Animation scientifique

In this talk, I will introduce the family of neighborhood operator (NEO) logics which are extensions of existential MSO with predicates for querying neighborhoods of vertex sets. NEO logics have interesting modeling powers and nice algorithmic applications for several width parameters such as tree-width, clique-width, mim-width, and treedepth. NEO logics capture many important graphs problems such as Independent Set, generalizations of Dominating Set, and even CNF-SAT via the signed incidence graphs! We can capture more problems by considering various extensions of NEO logics with predicates for checking global constraints, for example, with connectivity constraints we can capture Hamiltonian Cycle and Longest Path.

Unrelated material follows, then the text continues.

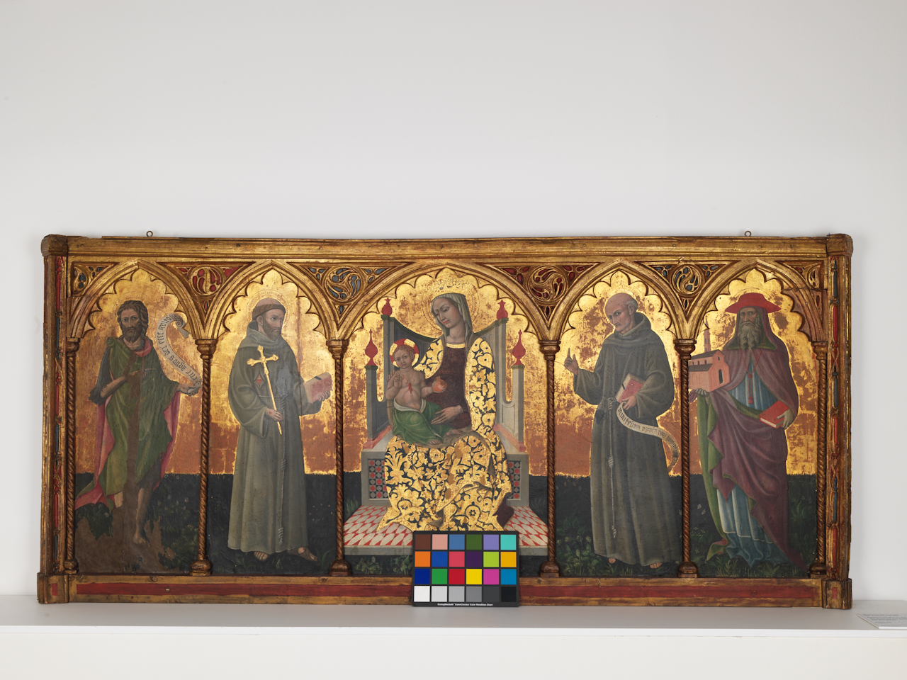 Il polittico è suddiviso in cinque scomparti a fondo oro, racchiusi entro una cornice gotica intagliata e traforata ad archi a sesto acuto polilobati e colonnine tortili. Al centro è collocata la Madonna con il Bambino benedicente, seduta su un trono in marmo ed avvolta in un ricco mantello damascato oro e blu. Il Bambino è coperto con un panno verde, porta al collo una collanina con ciondolo in corallo e regge nella mano destra una melagrana, simbolo cristiano della Resurrezione. Ai lati della Madonna sono due coppie di santi, disposti in piedi su un prato fiorito. Da sinistra a destra: San Giovanni Battista, San Francesco d'Assisi, San Bernardino da Siena e San Girolamo
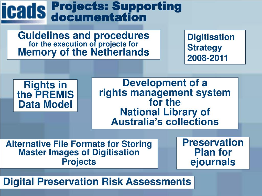 Guidelines and procedures for the execution of projects for Memory of the Netherlands Digitisation Strategy 2008-2011 Projects: Supporting documentation Development of a rights management system for the National Library of Australia’s collections Rights in the PREMIS Data Model Preservation Plan for ejournals Alternative File Formats for Storing Master Images of Digitisation Projects Digital Preservation Risk Assessments

In terms of algorithmic applications, NEO logics seem to be the perfect candidates for capturing many problems that can be solved efficiently in terms of width parameters.
This is suggested by the following three results:

For tree-width, the most powerful NEO logic can be model checked in single exponential time in terms of tree-width as implied by a result of Michal Pilipczuk [MFCS 2011] (arxiv.org/abs/1104.3057) and an equivalence between the modal logic used by Pilipczuk and this NEO logic proved in the following paper.

Jan Dreier, Lars Jaffke and I proved that, for an extension of one NEO logic, we can obtain an efficient model-checking algorithm in terms of several width parameters more general than tree-width such as clique-width, rank-width and mim-width [SODA 2023] (arxiv.org/abs/2202.13335).

Vera Checkan, Giannos Stamoulis and I proved that the most powerful NEO logic can be model checked in single exponential time and polynomial space for tree-depth [SODA 2026] (arxiv.org/abs/2510.19793).

These three results provide algorithmic meta-theorems that generalize and unify the most efficient algorithms based on these width parameters. The running times of the model checking algorithms are tight under ETH for each width parameter.